If a change in control of Magma had occurred on April 1, 2007 (the last day of the 2007 fiscal year) and each of these Named Officer’s employment was involuntarily terminated on the same date, the value of each Named Officer’s accelerated option vesting would be the amount shown in the table below. For purposes of the following table, we have assumed that (i) the price per share of Magma’s common stock is equal to the closing price per share on March 30, 2007, which was the last trading day before Magma’s fiscal year-end, (ii) options are substituted or assumed in connection with the change in control, and (iii) the value of any option that may be accelerated is equal to the excess of the closing price for a Magma share on March 30, 2007 over the option’s exercise price (i.e., the full “spread” value of the option). The value of each Named Officer’s option vesting that would be subject to accelerated vesting is as follows:
| | |
Name | | Estimated Total Value of Option Acceleration ($) |
Rajeev Madhavan | | 1,036,463 |
Peter S. Teshima | | 711,323 |
Roy E. Jewell | | 1,906,111 |
Saeid Ghafouri | | 749,051 |
David H. Stanley | | 325,629 |
These Named Officers will not receive any accelerated vesting of their options upon their termination of employment for any reason other than as described above in connection with a change in control or similar transaction.
Mr.
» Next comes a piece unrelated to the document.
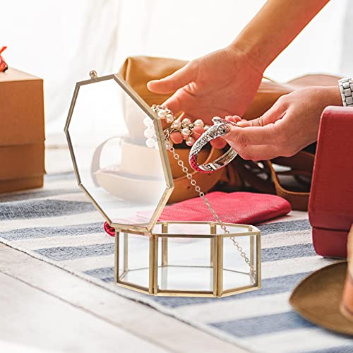 TOPBATHY Portagioie in Vetro Trasparente per Collana Ottagonale, portagioie con Anelli, per Matrimoni, Feste Nuziali (Dorato)

Walker
As mentioned above, Mr. Walker resigned as an executive officer on April 27, 2006, and thereafter terminated his employment with the Company on April 30, 2007. On April 30, 2007, the Company entered into a separation agreement with Mr. Walker that provided for a lump-sum payment of $27,500 and continuation of benefits in the amount of $33,478. Mr. Walker did not receive any accelerated vesting of his outstanding options or restricted share awards in connection with his termination of employment.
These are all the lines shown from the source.